A operacionalização do modelo de intervenção integrada local que o Plano de Ação propõe tem subjacente uma abordagem totalmente convergente com os princípios e objetivos do Programa da Rede Social (implementado em Portugal desde 2006 através do Decreto-Lei 115/2006 de 14 de junho) prevendo a criação, no âmbito dos Conselhos Locais de Ação Social (CLAS), de Núcleos Locais da Garantia para a Infância (NLGPI), dirigidos às crianças e jovens e famílias em situação de pobreza e vulnerabilidade social que, através da otimização dos recursos existentes na comunidade, do impulso de sinergias e no quadro de uma efetiva cooperação e aplicação conexa de políticas nacionais e locais, especialmente atentos às particularidades específicas de cada território, e com base numa abordagem integrada e multidisciplinar, permitem assegurar uma resposta eficaz às necessidades das crianças e das suas famílias, com vista à prossecução dos objetivos da recomendação europeia da garantia para a infância, à promoção da coesão e do desenvolvimento social, potenciando uma efetiva integração social.
O Plano de Ação centra, assim, o seu foco na garantia do acesso das crianças e jovens, que se encontram em situação de pobreza e exclusão social, a Direitos, benefícios e serviços essenciais de qualidade, através de ações que permitam extinguir as barreiras ainda existentes, assegurando e facilitando uma efetiva participação social ao longo de todas as etapas de implementação e desenvolvimento das medidas que o compõem, realçando a especial importância que a abordagem de proximidade e local, a participação e o compromisso social alargado assumem na concretização deste objetivo social de combate à pobreza.
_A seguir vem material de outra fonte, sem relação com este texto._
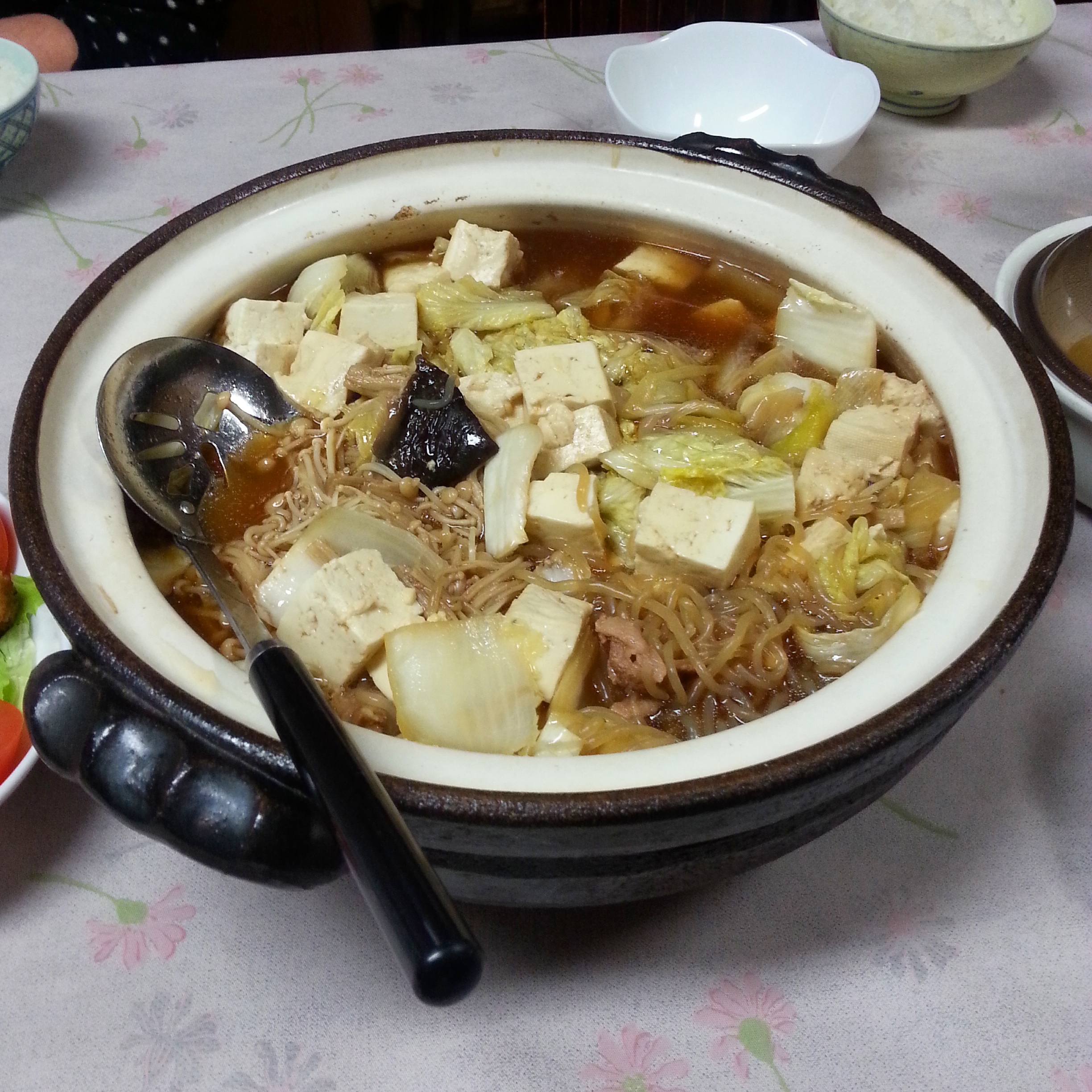 The last time Momi visited me in London she brought a beautiful sukiyaki pot designed with a panda’s face on the top. She told me that when I came to stay she would teach me how to use it, so tonight we had sukiyaki. Sukiyaki is a simple hotpot with meat, noodles, tofu, mushrooms and anything else you want to chuck in really, cooked in a soy broth. Great winter comfort food!

Uma sociedade verdadeiramente desenvolvida é aquela que reconhece que o problema da pobreza é da responsabilidade de todos e de cada um, que acredita que o investimento em oportunidades iguais para todas as crianças lança as bases para o crescimento sustentável e verdadeiramente inclusivo, favorecendo a construção de sociedades justas e resilientes bem como uma convergência social ascendente.